【ACWing】897. The longest common subsequence

Subject address:

https://www.acwing.com/problem/content/899/

Given two lengths are $N$ and$M$ 's string$A$ and$B$ , seeking to be bothAAThe subsequence of$A$ isBB againWhat is the longest string length of the subsequence of$B$ ?

Data range:
$1\le N,M\le 1000$

The idea is dynamic programming. Let $f\left[i\right]\left[j\right]$ Yes$A$ basis before$i$ characters and$B$ 's formerjjThe length of the longest common subsequence of$j$ characters.
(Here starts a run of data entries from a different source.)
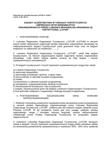 Załącznik do uchwały Zarządu LOTUR nr 3/2011 z dnia 11.05. 2011r. ZASADY UCZESTNICTWA W TARGACH TURYSTYCZNYCH I IMPREZACH WYSTAWIENNICZYCH ORGANIZOWANYCH PRZEZ LUBUSKĄ REGIONALNĄ ORGANIZACJĘ TURYSTYCZNĄ „LOTUR” I. POSTANOWIENIA OGÓLNE 1. Lubuska Regionalna Organizacja Turystyczna „LOTUR” (LOTUR) w ramach swych zadań statutowych organizuje stoiska regionalne województwa lubuskiego na międzynarodowych targach turystycznych poza granicami kraju oraz na targach krajowych (w zależności od możliwości …….). 2. Lubuska Regionalna Organizacja Turystyczna „LOTUR”, ustali listę targów turystycznych, na których organizowane będzie regionalne stoisko województwa lubuskiego. Lista takich targów będzie uznana za listę targów i imprez wystawienniczych priorytetowych. 3. W targach turystycznych i innych imprezach wystawienniczych mogą brać udział: a) Lokalne Organizacje Turystyczne, b) samorząd wojewódzki, c) samorządy powiatowe i gminne, urzędy miast, d) biura podróży w zakresie turystyki przyjazdowej, e) hotele, f) przewoźnicy w zakresie turystyki przyjazdowej, g) zarządzane i zagospodarowane atrakcje turystyczne, h) stowarzyszenia turystyczne i izby turystyczne, i) związki i stowarzyszenia gmin nie będące Lokalnymi Organizacjami Turystycznymi, j) inne jednostki związane z organizacją i obsługą turystyki przyjazdowej. II. POSTANOWIENIA SZCZEGÓŁOWE WSPÓŁFINANSOWANIA ORAZ WARUNKI 1. Wielkość minimalnej powierzchni wystawienniczej zamawianej przed podwystawcę w ramach stoiska regionalnego organizowanego przez Lubuską Regionalną Organizację Turystyczną „LOTUR”, ustalana jest dla każdych targów odrębnie przez Prezesa LOTUR. W jej określeniu brane jest pod uwagę: wielkość stoiska regionalnego, ranga i charakter imprezy targowej, zasady dofinansowania udzielanego przez Polską Organizację Turystyczną (w przypadku targów zagranicznych). 2. Członkom Lubuskiej Regionalnej Organizacji Turystycznej „LOTUR” biorącym udział w targach i innych imprezach wystawienniczych mogą zostać udzielone rabaty za zamówioną powierzchnię wystawienniczą w wysokości 30% - 45% ceny ustalonej przez organizatora targów. Rabat nie jest udzielany w stosunku do: opłat rejestracyjnych, wpisów do katalogu wystawców, kart wstępu. 3. Warunkiem udziału w stoisku regionalnym jest podpisanie umowy z LOTUR oraz wpłacenie zaliczki w wysokości ustalonej w umowie lub zamówieniu powierzchni wystawienniczej. 4. Członkowie Lubuskiej Regionalnej Organizacji Turystycznej „LOTUR”, niewykupujący powierzchni wystawienniczej na targach mają prawo przekazać bezpłatnie na stoisko regionalne swoje materiały promocyjne. 5. Podmioty działające w branży turystycznej niebędące członkami LOTUR lub będące członkami wspierającymi mogą przekazać swe materiały promocyjne na stoisko regionalne za opłatą (każdorazowo ustalaną dla poszczególnych targów). Wysokość opłaty będzie ustalana przez LOTUR w zależności od rangi targów, wielkości stoiska i ilości przekazywanych materiałów. 6. Zgodnie z „Zasadami uczestnictwa w polskich stoiskach narodowych organizowanych na międzynarodowych targach turystycznych i przemysłu kongresowego” ustalonych przez Polską Organizację Turystyczną, Regionalne Organizacje Turystyczne są jedyną właściwą instytucją do występowania do POT lub POIT –ów o przydział powierzchni wystawienniczej przeznaczonej na organizację stoiska regionalnego dla wszystkich uczestników stoiska z własnego regionu. Wyjątek stanowią imprezy objęte dofinansowaniem udziału przez Ministerstwo Gospodarki i Pracy (w tym przypadku o dofinansowanie podmioty gospodarcze winny się zgłaszać indywidualnie) oraz imprezy dotyczące turystyki biznesowej. Biura podróży, hotele, zarządzane atrakcje turystyczne oraz inne jednostki związane z organizacją i obsługą turystyki przyjazdowej występują o przydział powierzchni wystawienniczej do LOTUR, nawet gdy LOTUR nie bierze udziału w danej imprezie targowej (targi spoza listy priorytetowej). W tym przypadku zainteresowany podmiot ponosi 100% kosztów organizacji takiej imprezy targowej. W przypadku, gdy podmiotem tym jest nie członek LOTUR Lubuska Regionalna Organizacja Turystyczna „LOTUR” może żądać zwrotu kosztów związanych z załatwianiem sprawy. III. ZASADY ORGANIZACYJNE 1. Zamówienie na powierzchnię wystawienniczą należy składać do biura Lubuskiej Regionalnej Organizacji Turystycznej „LOTUR”. 2. Zamówienia na powierzchnię wystawienniczą przyjmowane są tylko od wystawców niezalegających z opłatami za udział we wcześniejszych targach. 3. Rezygnacja z udziału w stoisku regionalnym powoduje naliczenie kar umownych określonych każdorazowo w umowie uczestnictwa. 4. W ramach stoiska regionalnego podwystawca: - otrzymuje własną ladę wystawienniczą lub jej część w zależności od wielkości zakupionej powierzchni i rodzaju imprezy targowej, - ma prawo wysłać na targi swego przedstawiciela, który podporządkuje się regulaminowi stoiska i poleceniom koordynatora ustanowionego przez LOTUR, - ma prawo korzystać bezpłatnie ze wspólnego zaplecza na stoisku, - ma prawo umieścić napis nad swą ladą z nazwą firmy, organizacji lub jednostki w przypadku targów krajowych lub z nazwą regionu w przypadku targów zagranicznych. 5. Podwystawcy wysyłający na targi swego przedstawiciela pokrywają ze swych środków: - koszty osobowe przedstawiciela (noclegi, diety, karty wstępów), - koszt wpisu do katalogu i ewentualnej opłaty rejestracyjnej, - proporcjonalnie koszt artykułów spożywczych na stoisku, - proporcjonalnie część ogólnego wystroju stoiska, - ewentualne koszty koordynacji stoiska. 6. Uczestnicy stoiska regionalnego korzystają z przyjętego przez LOTUR wystroju. Wszelkie ewentualne zmiany w wystroju poszczególnych stoisk będą dokonywane tylko w uzasadnionych przypadkach, na podstawie indywidualnych dec
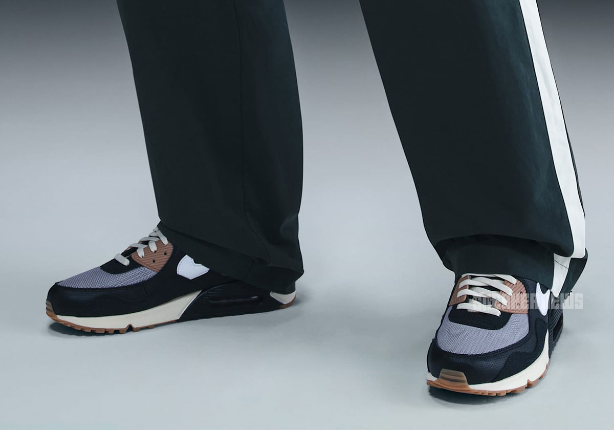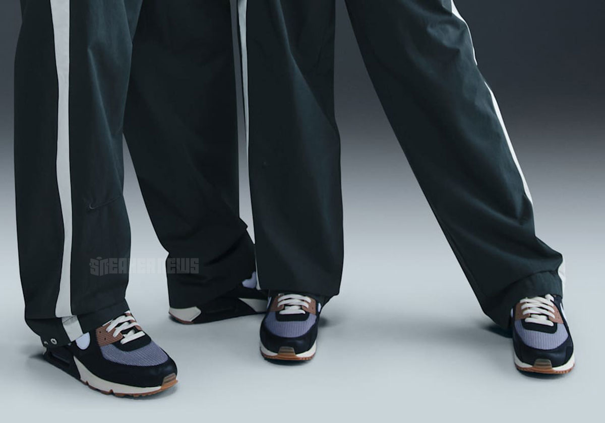 Shown here for the first time via official Nike images, one of the two upcoming pairs features a palette of “Black/White/Particle Grey/Anthracite/Gum Medium Brown.” The quarter/toe is cut from what appears to be perforated leather, while black suede can be spotted at the bottom of the tongue. Of course, the hallmark feature is a wavy mudguard akin to Patta’s line of Air Max 1 collabs from 2021-2022. While Patta’s June Air Max 90 duo complements summertime with bright accent colors, this look is decidedly more autumn-appropriate (see the “Gum Medium Brown” soles underfoot).
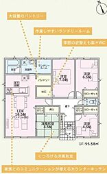 | 間取り | 3LDK(タタミコーナー4.5帖) 間取り内訳:リビングダイニングキッチン 18帖(1階)・洋室 7.5帖(1階)・洋室 6.5帖(1階)・洋室 6帖(1階) |
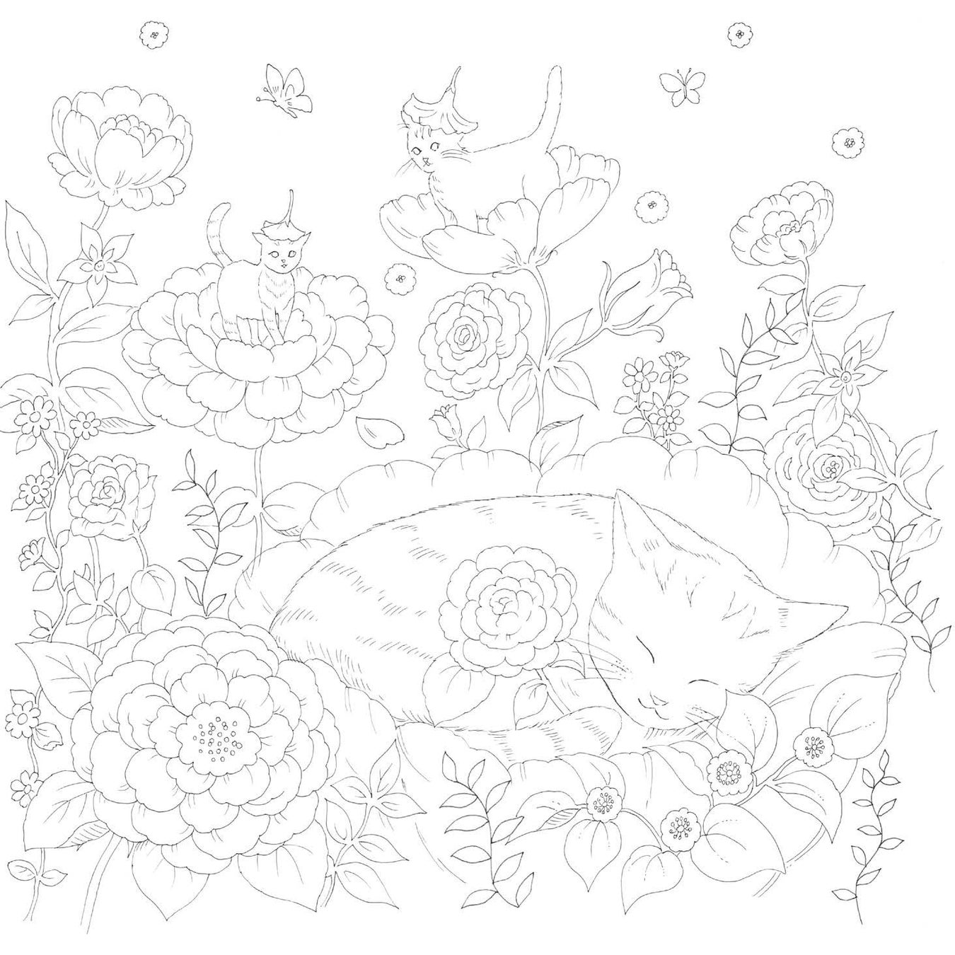 カワイイ猫の表情と美しい花に満ち溢れた究極の癒しのぬり絵ブック。
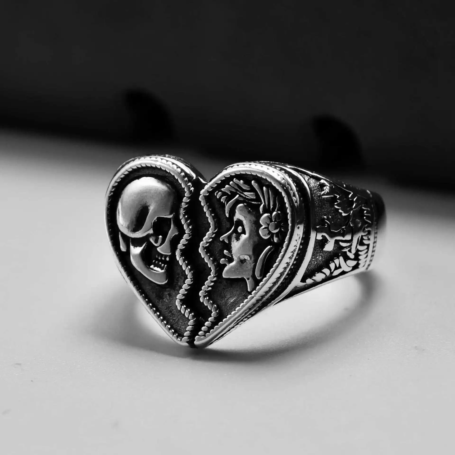🖤 Skull Lover Ring – Vintage Gothic Heart Ring (Adjustable)

When$A[i]\ne When\; B\left[j\right]$ , obviouslyf [i] [j] = max ⁡ {f [i − 1] [j], f [i] [j − 1]} f[i][j]=\max\ {f[i-1][j],f[i][j-1]\}f[i][j]=max{ f[i−1][j],f[i][j−1]}；当$A\left[i\right]=B\left[j\right]$ target time$f\left[i\right]\left[j\right]=1+f[i-1][j-1]$ , the reason is, first of all it is obvious that$f[i][j]\ge 1+f[i-1][j-1]$ and secondly, if$f\left[i\right]\left[j\right]>1+f[i-1][j-1]$ , if$f\left[i\right][j]\; The$ last equivalent character is$A\left[i\right]$ sum$B\left[j\right]$， 那么$f\left[i\right]\left[j\right]=1+f[i-1][j-1]$ , contradiction; if not, thenf [i] [j] = max ⁡ {f [i − 1] [j], f [i] [j − 1]} f[i][j]=\ max\{f[i-1][j],f[i][j-1]\}f[i][j]=max{ f[i−1][j],f[i][j−1]}，如果是$f[i-1][j]>1+f[i-1][j-1]$ , also consider$f[i-1]$ The last character of$[$$j$$]$ , if$t[j]$就会得出$1+f[i-1][j-1]>1+f[i-1][j-1]$ contradiction; if it is not used,$f[i-1][j-1]>1+f[i-1][j-1]$ Also contradictory. So$f[i][j]=1+f[i-1][j-1]$ . code show as below:

#include <iostream>
using namespace std;

const int N = 1010;
string s, t;
int n, m;
int f[N][N];

int main() {
    
    
    cin >> n >> m;
    cin >> s >> t;

    s = ' ' + s;
    t = ' ' + t;

    for (int i = 1; i <= n; i++)
        for (int j = 1; j <= m; j++) 
            if (s[i] == t[j]) f[i][j] = 1 + f[i - 1][j - 1];
            else f[i][j] = max(f[i - 1][j], f[i][j - 1]);

    cout << f[n][m] << endl;

    return 0;
}

Time and space complexity $O(NM)$。